(Data records)
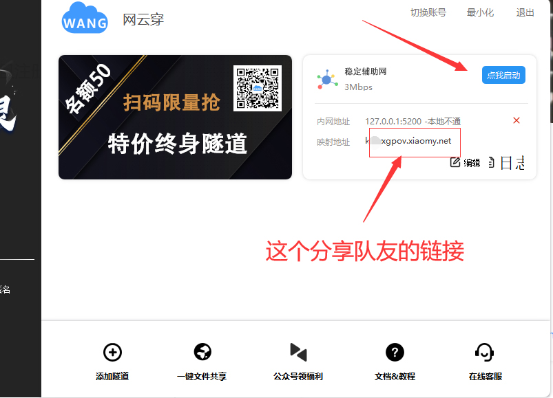 然后登录,点击启动,然后把链接发给要分享的队友
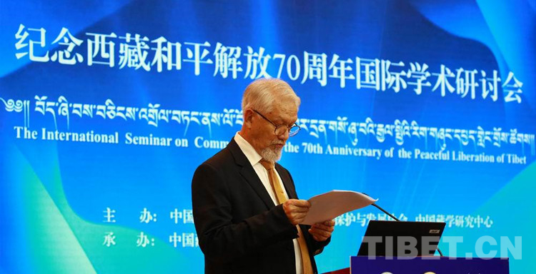 圖為謝文·根多在紀念西藏和平解放70周年國際學術研討會上發(fā)言 攝影:楊月云
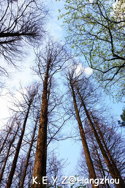 某个转角偶遇一片樱花林,孩子们在树下奔跑嬉戏,老人们在树下闲庭信步;一条小路转向一片水杉林,静静仰望那高大笔直的树干,默默感叹那飞速流逝的岁月,不知它们已经在这里伫立了多少年,有没有看尽这做城的荣辱兴衰;不知它们还可以在在这里伫立多少年,能不能陪伴这座城到地老天荒。
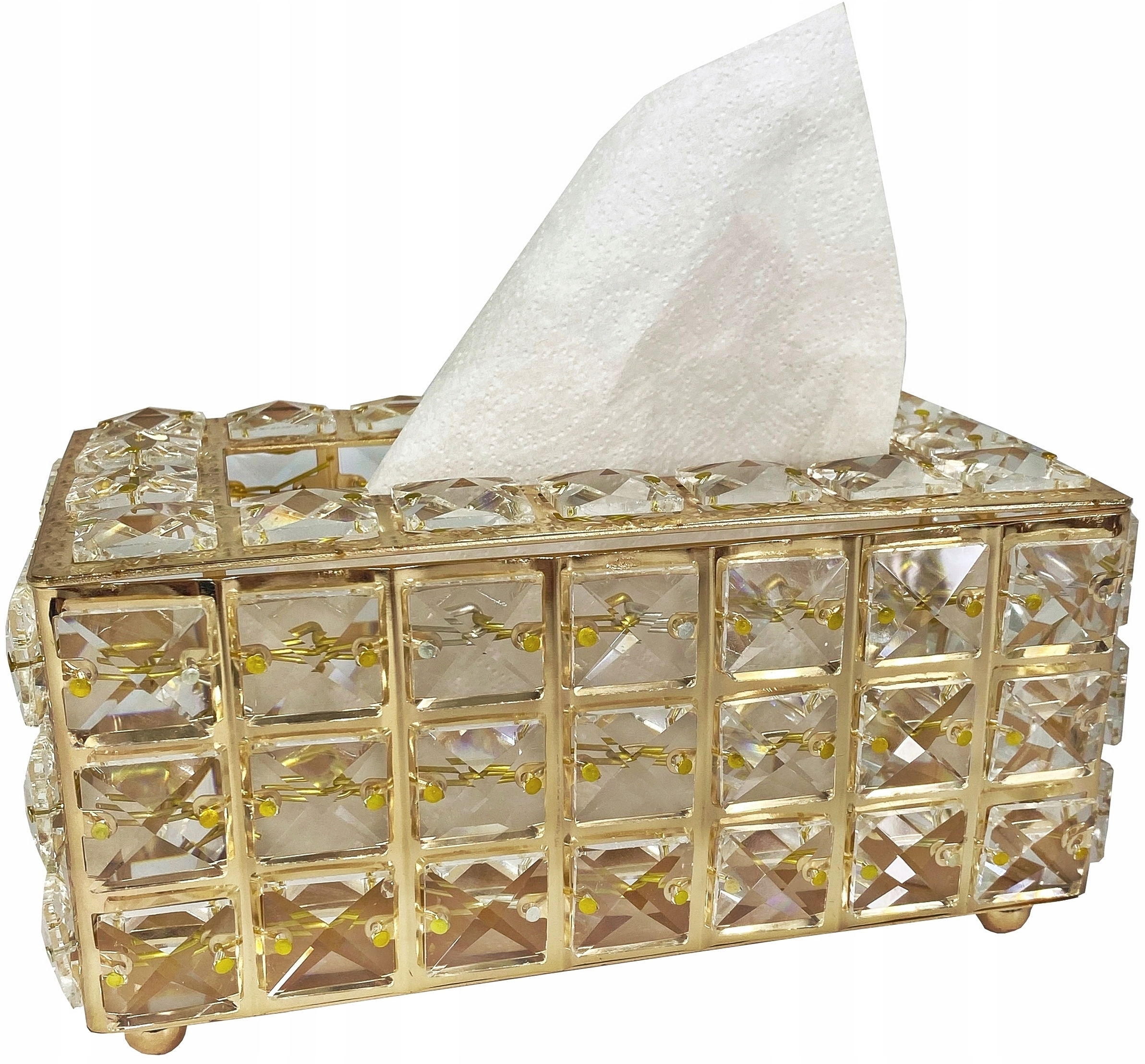 Коробка для серветок із кристалами з боків і зверху. Дно контейнера металеве, оброблене чотирма круглими підніжками. Отвір прямокутний.
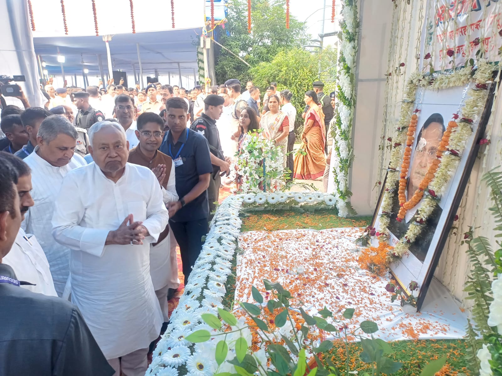 Nalanda News:-  नालंदा जिले के एकंगरसराय में एक भावुक क्षण उस समय देखने को मिला, जब मुख्यमंत्री नीतीश कुमार अपने पुराने मित्र और पूर्व विधायक स्व. राजीव रंजन की पहली पुण्यतिथि पर उन्हें श्रद्धांजलि देने पहुंचे। कोल्ड स्टोरेज परिसर में आयोजित श्रद्धांजलि सभा में जनप्रतिनिधियों, पार्टी कार्यकर्ताओं और समर्थकों की बड़ी संख्या उमड़ी थी।

● What to produce
What you return must match the records exactly, apart from the images, which are omitted.

● Task solution
 然后登录,点击启动,然后把链接发给要分享的队友
 圖為謝文·根多在紀念西藏和平解放70周年國際學術研討會上發(fā)言 攝影:楊月云
 某个转角偶遇一片樱花林,孩子们在树下奔跑嬉戏,老人们在树下闲庭信步;一条小路转向一片水杉林,静静仰望那高大笔直的树干,默默感叹那飞速流逝的岁月,不知它们已经在这里伫立了多少年,有没有看尽这做城的荣辱兴衰;不知它们还可以在在这里伫立多少年,能不能陪伴这座城到地老天荒。
 Коробка для серветок із кристалами з боків і зверху. Дно контейнера металеве, оброблене чотирма круглими підніжками. Отвір прямокутний.
 Nalanda News:-  नालंदा जिले के एकंगरसराय में एक भावुक क्षण उस समय देखने को मिला, जब मुख्यमंत्री नीतीश कुमार अपने पुराने मित्र और पूर्व विधायक स्व. राजीव रंजन की पहली पुण्यतिथि पर उन्हें श्रद्धांजलि देने पहुंचे। कोल्ड स्टोरेज परिसर में आयोजित श्रद्धांजलि सभा में जनप्रतिनिधियों, पार्टी कार्यकर्ताओं और समर्थकों की बड़ी संख्या उमड़ी थी।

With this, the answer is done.